US healthcare bill leaves illegal immigrants excluded
Omission was price of bringing conservative Democrats on board, particularly in states such as Texas

Chris McGreal in Houston
guardian.co.uk, Monday 22 March 2010 21.00 GMT Article history

The Texas governor Rick Perry has vowed to challenge the 'unconstitutional' healthcare bill.

The woman with the small child in tow outside the Clear Lake medical centre has every reason to celebrate health care reform. Except one.

She is not covered because she cannot afford the sky-high insurance premiums charged in Texas. As a part-time domestic worker in one of the sprawling waterside houses just outside Houston, her earnings would qualify her for heavily subsidised health coverage under the new law.

But the Mexican-born woman is an illegal immigrant – one of the undocumented, as the Americans call them – and the new legislation bars her from benefiting.

"My daughter is six. She was born here. The state pays for her to go to hospital," she said. "If I get sick I do what all the Mexicans do: I go and sit in the emergency room where they cannot turn you away."

That will not change after the law comes into effect in 2014. The government says the new legislation will extend coverage to 95% of the population, bringing in 32m people who lack insurance because of cost, existing health problems or through choice. But there will still remain about 5% of the population who fall beyond the provisions of the reforms.
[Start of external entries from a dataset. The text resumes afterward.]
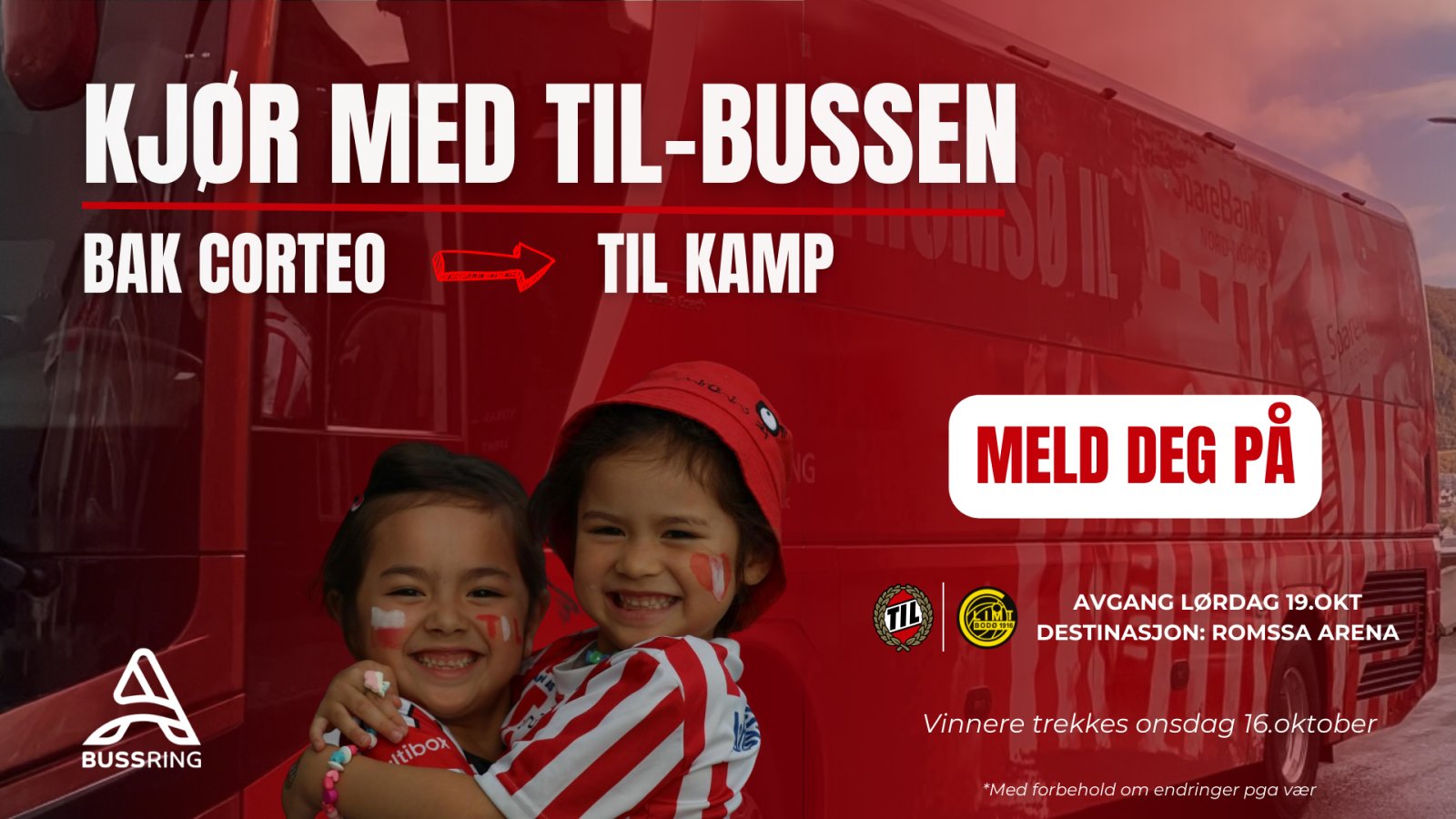 Sammen med Bussring kjører vi deg og ditt barn/ en venn til kampen mot Bodø/Glimt neste lørdag 19. oktober. Les mer og meld deg på her.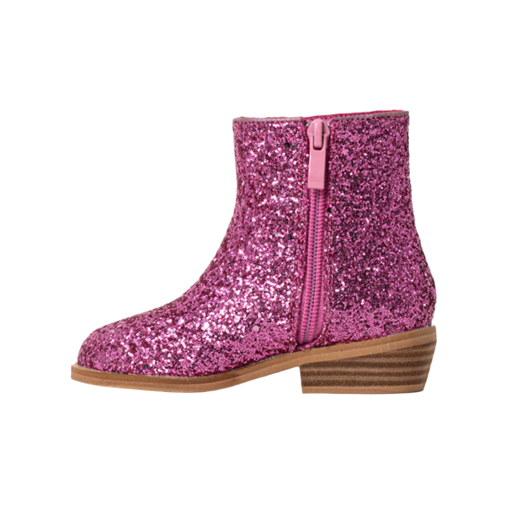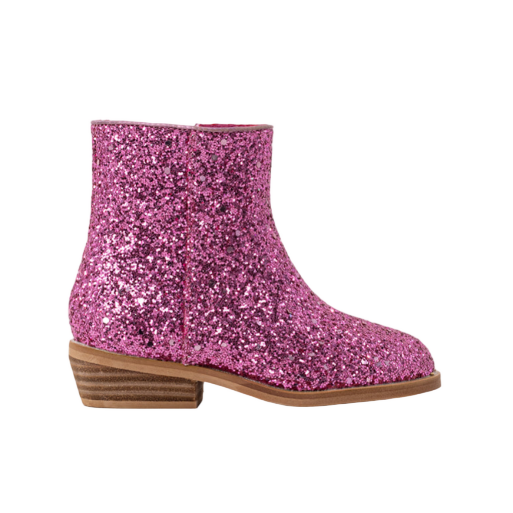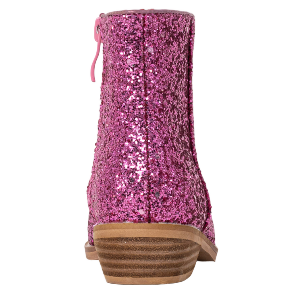All pink, all sparkle, all hers. VANILLA MINI in Pink Glitter is pure joy wrapped in a boot. The bright fuchsia glitter upper, soft stacked heel, and zipper closure make it playful and practical for tiny fashion icons. It’s her new favorite party boot, even if the party is the grocery store.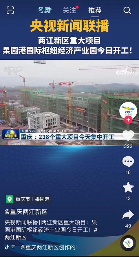两江新区又上新闻联播了,出镜率太高了。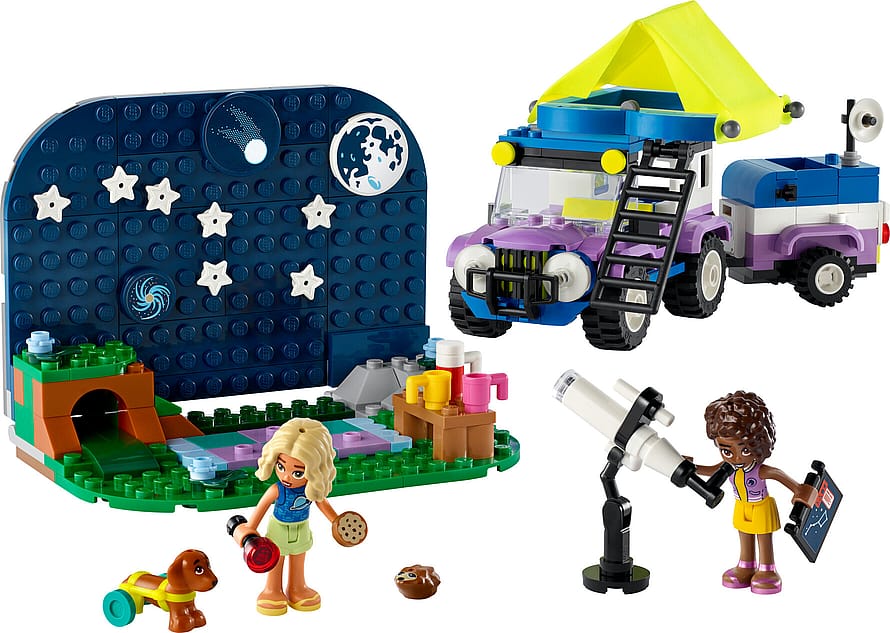 LEGO Friends legesættet Stjernekigger-campingvogn indeholder en firhjulstrækker, et legetøjsteleskop, tilbehør og 3 LEGO Friends figurer, der alle kan bygges.

The Congressional budget office estimates that five years after the law comes into effect there will still be 23m people in the US without insurance. One-third of these will be illegal immigrants – many have lived in the US for years and their children are Americans. Others are likely to be young people who will choose to defy the requirement for compulsory insurance and pay the relatively small fine.

Excluding illegal immigrants was a price Barack Obama paid for bringing conservative Democrats on board, particularly in states such as Texas, which has the highest rate of uninsured people in the country. One in three adults of working age in Texas – about 6m people – do not have health insurance. Children and the elderly are covered by state programmes.

The Centre for Public Policy Priorities in Austin, the Texan capital, says the bulk of those not covered are on low wages in jobs without health insurance and cannot afford the high premiums. "Part of the assumption is that there are still some who will chose to remain uninsured," said Anne Dunkelberg, associate director of the centre. "Then there are undocumented immigrants. They have been historically excluded from health insurance and they will continue to be excluded."

She says that, while the census does not ask about people's immigration status, a conservative estimate is that about 1m of those without health insurance in Texas are in the US illegally.

"Texas not only excludes the undocumented but also legal permanent residents who aren't US citizens from buying in to the state's health care coverage," she said. "Texas has a very poor record at access to social programmes such as free health care and food stamps."

But the state has deeper objections to the new law. The governor, Rick Perry, says Texas will launch a legal challenge to the legislation as unconstitutional and an infringement on personal liberty.

"Unfortunately, the health care vote had more to do with expanding socialism on American soil than it does fixing our health care finance and delivery systems," said Perry. "The Obama health care bill undermines patient choice, personal responsibility, medical innovation and fiscal responsibility in America."